### What is being asked
Copy each line of the data below exactly, leaving out pictures.

### Recorded information

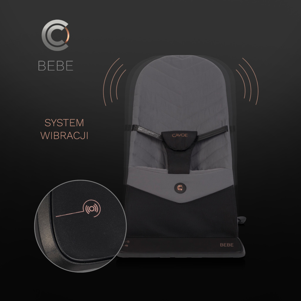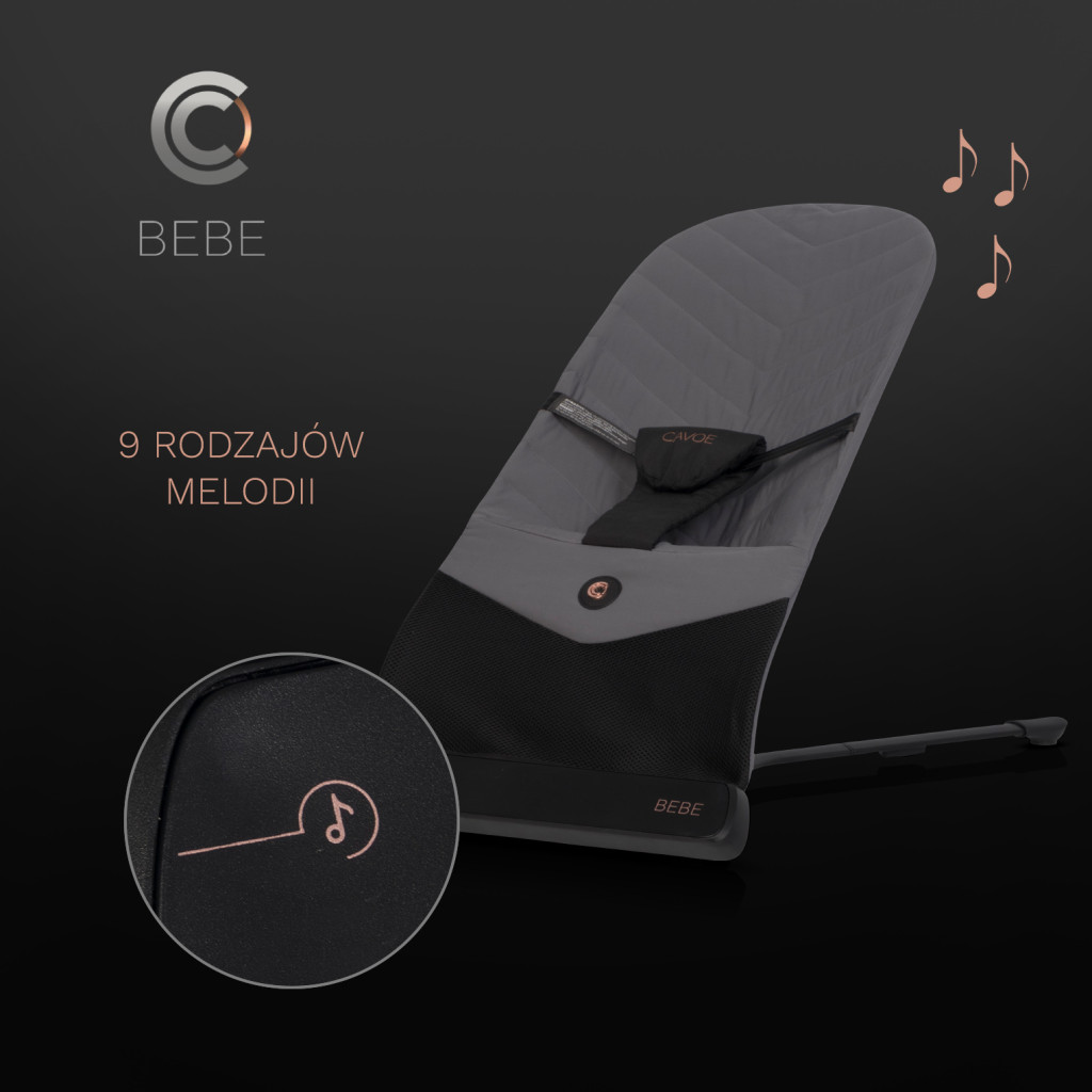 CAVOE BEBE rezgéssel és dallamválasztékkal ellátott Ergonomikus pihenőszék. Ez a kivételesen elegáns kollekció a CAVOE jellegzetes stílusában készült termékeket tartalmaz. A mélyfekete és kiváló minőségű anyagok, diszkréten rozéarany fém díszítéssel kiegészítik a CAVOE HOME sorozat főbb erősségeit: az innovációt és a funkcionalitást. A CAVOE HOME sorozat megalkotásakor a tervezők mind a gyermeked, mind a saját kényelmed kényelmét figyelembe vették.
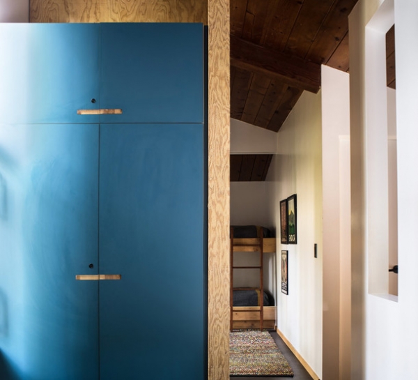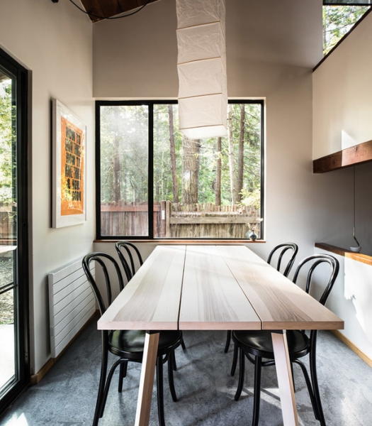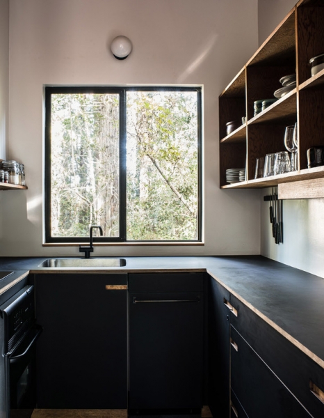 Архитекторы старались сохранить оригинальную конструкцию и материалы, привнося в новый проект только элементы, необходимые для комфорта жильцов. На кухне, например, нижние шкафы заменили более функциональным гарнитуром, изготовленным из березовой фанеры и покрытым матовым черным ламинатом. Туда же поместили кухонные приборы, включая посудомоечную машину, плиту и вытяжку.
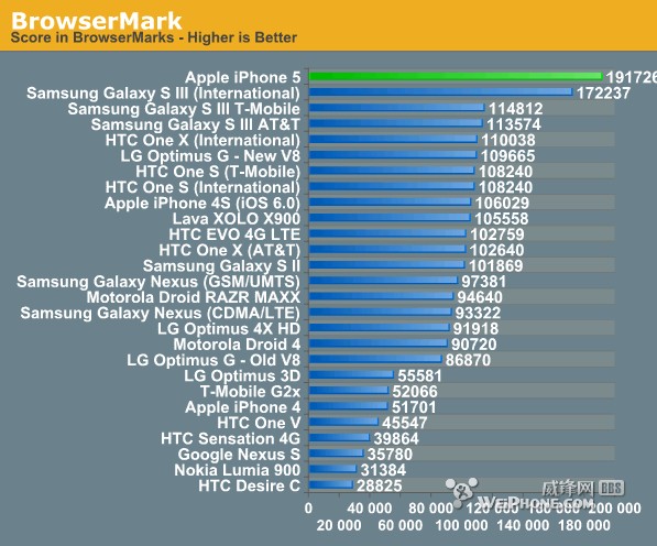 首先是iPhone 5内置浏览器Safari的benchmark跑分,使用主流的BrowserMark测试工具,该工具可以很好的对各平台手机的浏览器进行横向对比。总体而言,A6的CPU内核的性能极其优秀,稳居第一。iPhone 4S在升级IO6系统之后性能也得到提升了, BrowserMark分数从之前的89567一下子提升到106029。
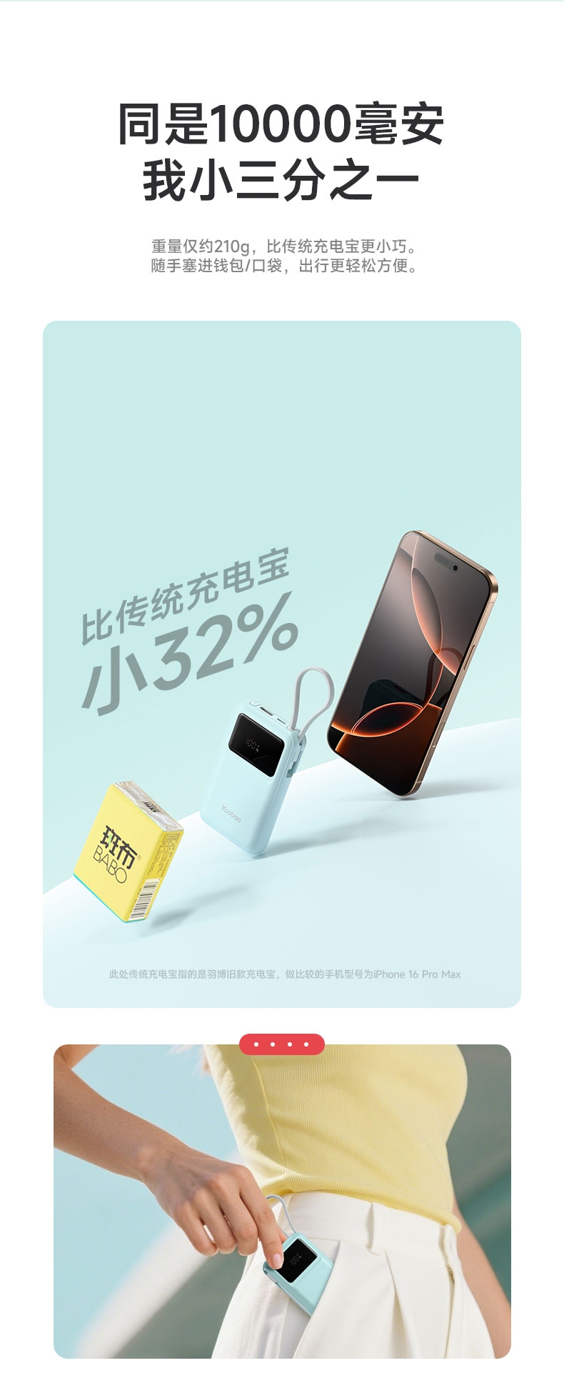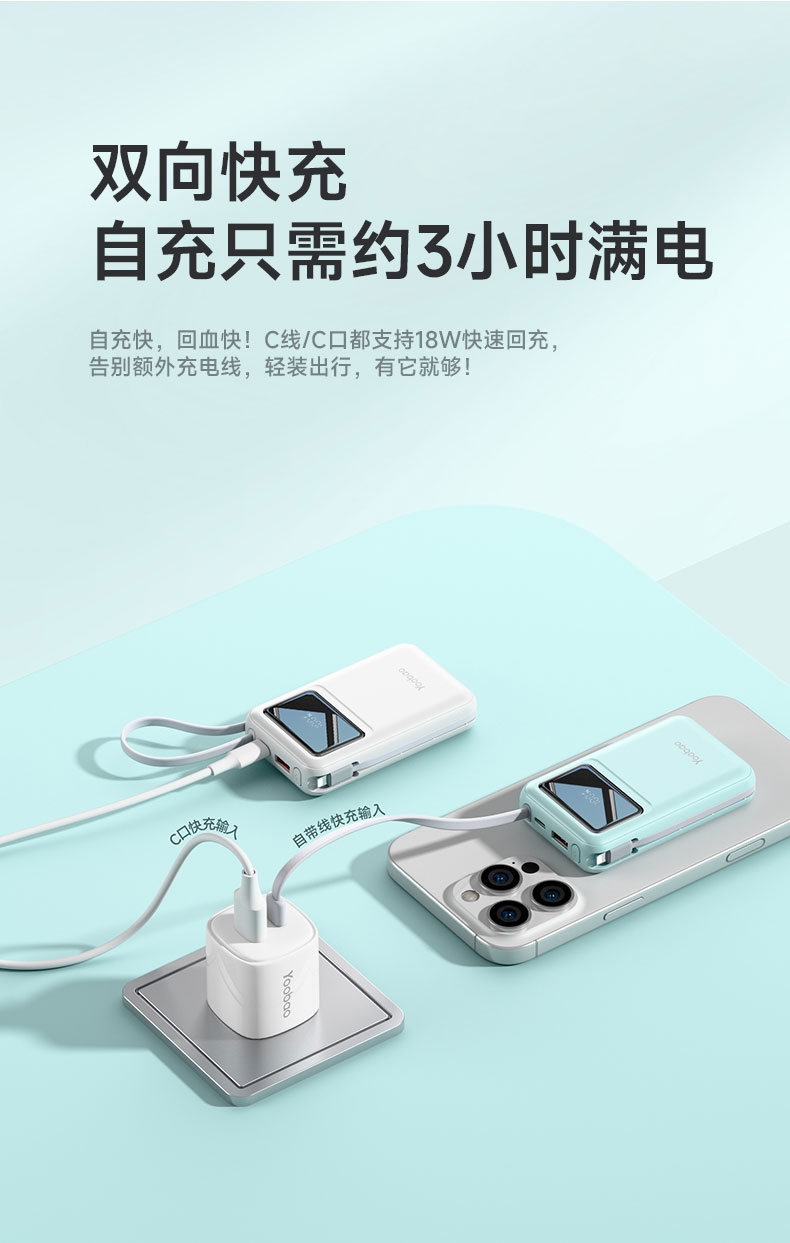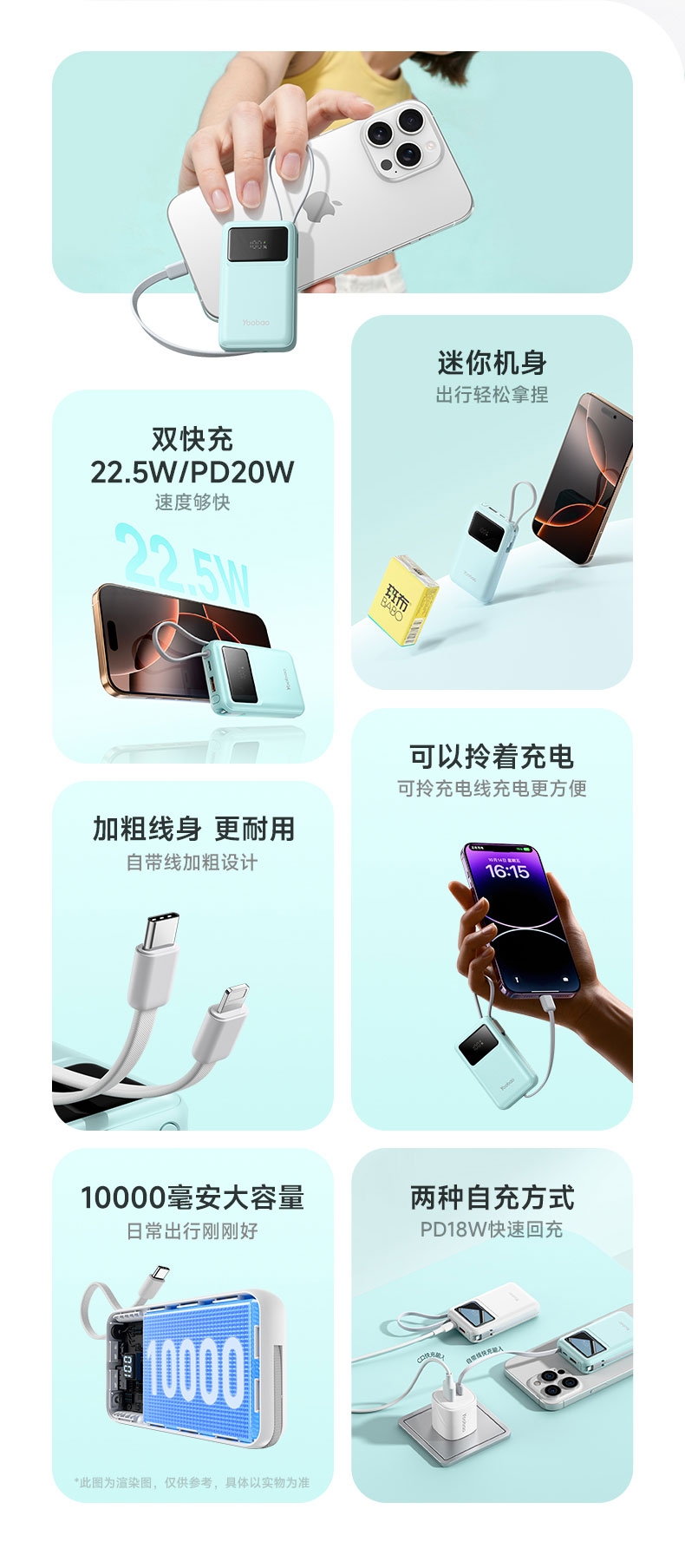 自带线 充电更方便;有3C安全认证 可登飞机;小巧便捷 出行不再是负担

### Exercise answer
 CAVOE BEBE rezgéssel és dallamválasztékkal ellátott Ergonomikus pihenőszék. Ez a kivételesen elegáns kollekció a CAVOE jellegzetes stílusában készült termékeket tartalmaz. A mélyfekete és kiváló minőségű anyagok, diszkréten rozéarany fém díszítéssel kiegészítik a CAVOE HOME sorozat főbb erősségeit: az innovációt és a funkcionalitást. A CAVOE HOME sorozat megalkotásakor a tervezők mind a gyermeked, mind a saját kényelmed kényelmét figyelembe vették.
 Архитекторы старались сохранить оригинальную конструкцию и материалы, привнося в новый проект только элементы, необходимые для комфорта жильцов. На кухне, например, нижние шкафы заменили более функциональным гарнитуром, изготовленным из березовой фанеры и покрытым матовым черным ламинатом. Туда же поместили кухонные приборы, включая посудомоечную машину, плиту и вытяжку.
 首先是iPhone 5内置浏览器Safari的benchmark跑分,使用主流的BrowserMark测试工具,该工具可以很好的对各平台手机的浏览器进行横向对比。总体而言,A6的CPU内核的性能极其优秀,稳居第一。iPhone 4S在升级IO6系统之后性能也得到提升了, BrowserMark分数从之前的89567一下子提升到106029。
 自带线 充电更方便;有3C安全认证 可登飞机;小巧便捷 出行不再是负担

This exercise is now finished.